Noted Holocaust researcher Father Patrick Desbois to give talk at Vanderbilt

Father Patrick Desbois visits the Benedictine Monastery in Abu Gosh, Israel, Oct. 17. The French priest has dedicated part of his life to seeking out witnesses to Nazi mass executions in remote Ukrainian villages. (CNS photo/Debbie Hill) (Oct. 26, 2007) See UKRAINE-DESBOIS Oct. 26, 2007.
Father Patrick Desbois (CNS photo/Debbie Hill)

Father Patrick Desbois, a Roman Catholic priest who has devoted his life to researching the Holocaust, fighting anti-Semitism, and furthering relations between Catholics and Jews, will give the keynote address Tuesday, Oct. 25, for the 39th annual Holocaust Lecture Series at Vanderbilt University.

The grandson of a French soldier held prisoner during World War II in the Nazi prison camp Rawa Ruska on the Poland–Ukraine border, Desbois in 2004 began researching the stories of Jews, Roma, and other victims murdered in Eastern Europe during World War II by Nazi mobile killing units, the Einsatzgruppen. These systematic mass killings, which began before the gassings at Nazi concentration and extermination camps, were a little-known chapter of World War II and the Holocaust.
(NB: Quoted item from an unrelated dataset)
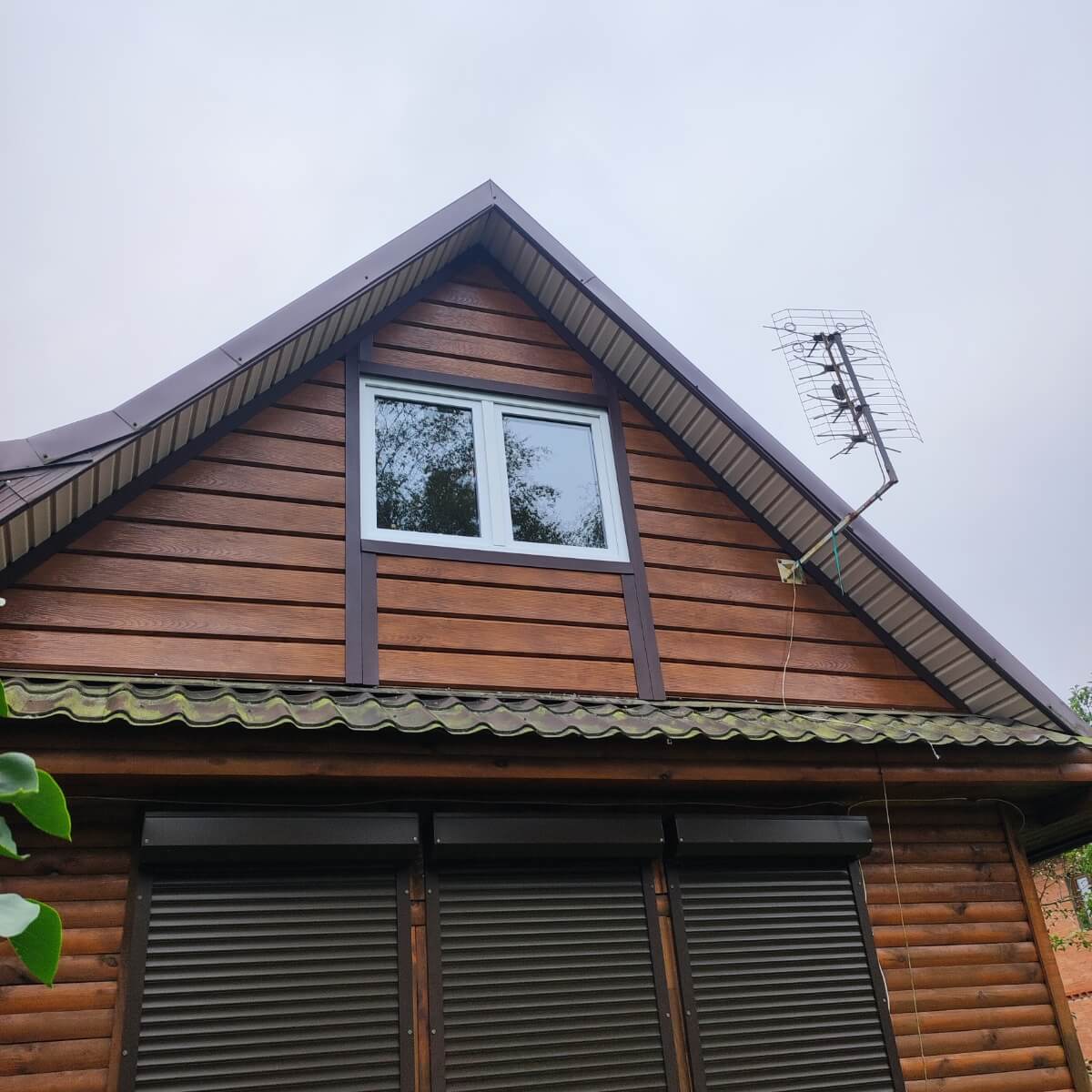 Сайдинг металлический ЕВРО-БРУС под брус дерево Кедр 3D Темный SteelArt фото Центр Металлокровли Фото сайдинга металлического (металлосайдинга) Евро-Брус под брус SteelArt под дерево Кедр Темный для фасада дома

[lquote]Desbois founded an organization, Yahad-In Unum, dedicated to locating the mass graves of Jewish victims of the Nazi mobile killing units[/lquote], and has written about his daunting work in the book The Holocaust by Bullets: A Priest’s Journey to Uncover the Truth Behind the Murder of 1.5 Million Jews. Last year Desbois and his work also was the subject of a CBS News story titled “The Hidden Holocaust” on 60 Minutes.
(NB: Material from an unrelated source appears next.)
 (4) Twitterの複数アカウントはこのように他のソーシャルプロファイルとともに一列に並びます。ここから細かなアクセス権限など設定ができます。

Desbois will sign copies of his award-winning book at 6:15 p.m. in the lobby of Langford Auditorium at Vanderbilt. His lecture, which is free and open to the public, begins at 7 p.m. in the auditorium.

Currently, a traveling exhibit, Holocaust by Bullets, based on Desbois’ work is on display at The Temple in Nashville through Thursday, Nov. 3.

The Holocaust Lecture Series at Vanderbilt—the longest-running program of its kind held at U.S. universities—benefits from the continuing collaboration and relationship between the Office of the University Chaplain and Religious Life at Vanderbilt and the Tennessee Holocaust Commission. The THC has had an office within the university’s religious life office since 1984, and has partnered with Vanderbilt to help bring survivors, scholars and noted speakers to campus to foster knowledge and understanding about the Holocaust.